E. coli YMel grown in vitro at 26°C expresses
curli, a surface organelle composed of a 15-kDa curlin subunit. To
investigate whether curli-expressing bacteria interact with human MHC
molecules, purified MHC-I and MHC-II molecules were radiolabeled and
tested for binding to YMel bacteria. These bacteria bound 60 to 70% of the added 125I-labeled MHC-I but less than 10% of MHC-II
molecules (Fig. 1). We detected no
binding of 125I-labeled MHC-I or MHC-II molecules to the
isogenic mutant E. coli YMel-1 strain, which has an
inactivated curlin subunit gene and lacks curli on its surface
(23). When the same E. coli strains were
incubated with 125I-labeled 2m, the light
chain of MHC-I molecules, YMel bound 25 to 30% of the added protein
(Fig. 1) whereas the curli-deficient strain YMel-1 showed no binding.

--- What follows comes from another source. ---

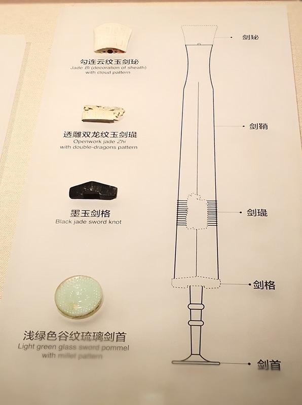 先秦一部有名的书叫《荀子》,里面有一篇叫强国,谈到青铜剑的制作。制作精良的剑,第一要刑范正,就是浇铸青铜剑的模子要正,用的铜和锡要纯,否则浇铸的时候会有气泡,剑身上就会留孔。第二要工冶巧,就是技术要先进。第三要火齐得,就是火候要掌握的非常到位。而吴越之剑更加优秀,它要求剑一定要有剑首、剑柄(也叫剑茎)、剑格、剑脊、剑刃、剑锋这样一些要素。剑首和剑格部分除了防止手滑(剑首防剑脱手,剑格防手滑到剑锋上)之外,还起到装饰作用,很多宝剑都在这里镶嵌宝石。众所周知的“越王勾践剑”有一个独到之处。它的剑首由11圈直径0.2毫米左右的同心圆铜片组成,间隔0.3到1毫米。现在称为“薄壁同心圆”,具体怎么做的,还有争议。吴越之剑还有一项技术是中国独有的,那就是“双色剑”。剑身部分的脊和刃是分开制作再浇铸成一体,这需要克服许多困难。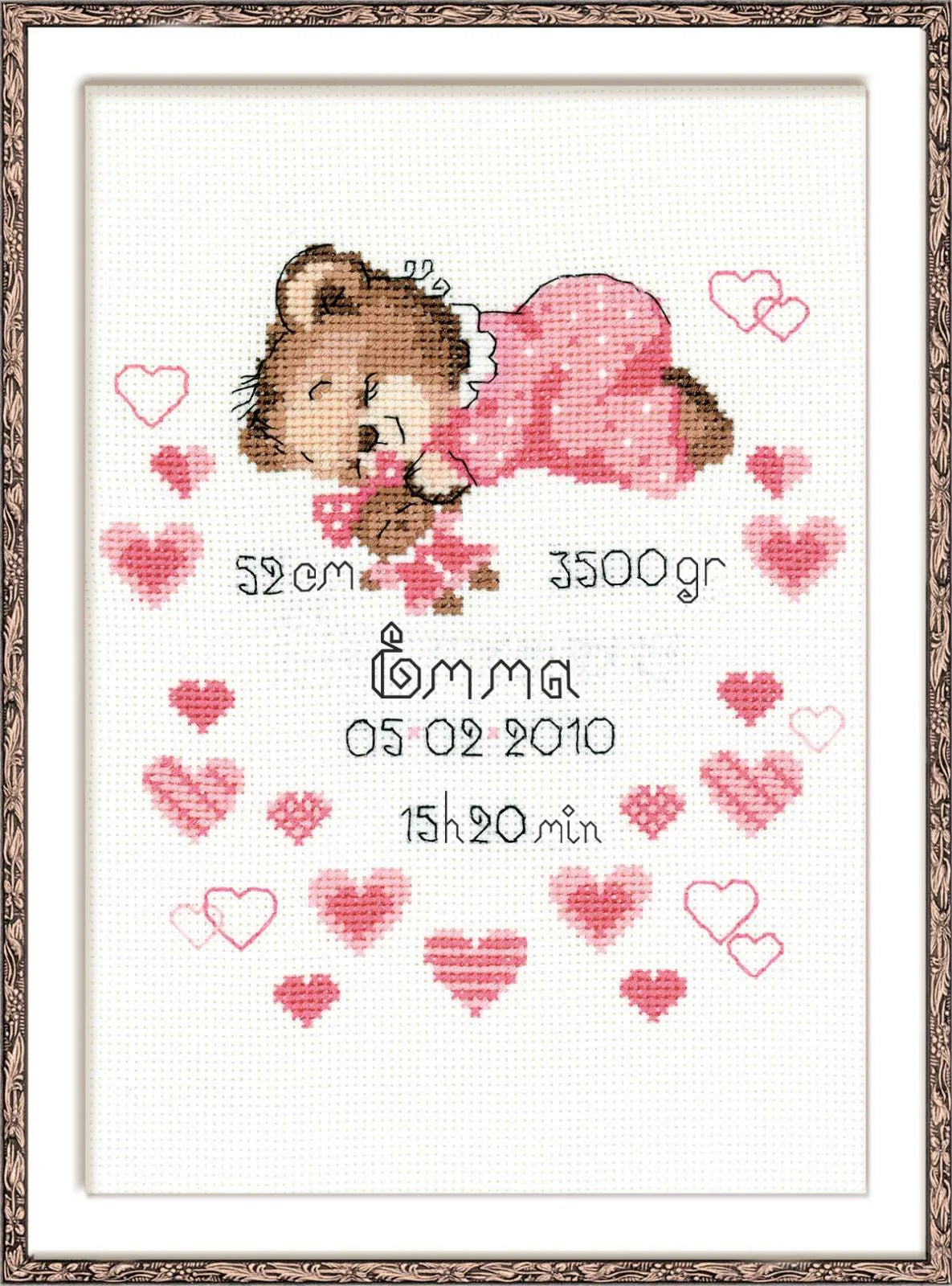Girls Birth Announcement R1123 Counted Cross Stitch Kit

The results demonstrate that curliated bacteria interact with intact
MHC-I molecules and to a lesser extent also with the isolated light
chain, 2m. In these experiments, the same results were
obtained when the binding assays were performed at room temperature
(Fig. 1) and at 37°C (data not shown). However, as mentioned above,
curli expression in vitro is regulated by temperature, and curli are
not expressed when YMel is grown at 37°C (2, 24). When
grown at 37°C, YMel showed no binding of MHC-I molecules or
2m (data not shown), emphasizing that curli are
responsible for the interaction between E. coli and MHC-I
molecules. A collection of 19 E. coli isolates belonging to
different clinical types previously tested for curli expression (3) was also analyzed in binding experiments with
radiolabeled MHC-I molecules. The 7 curliated isolates all showed
affinity for MHC-I, whereas none of the 12 nonexpressing isolates bound the added radiolabeled protein above background level (data not shown).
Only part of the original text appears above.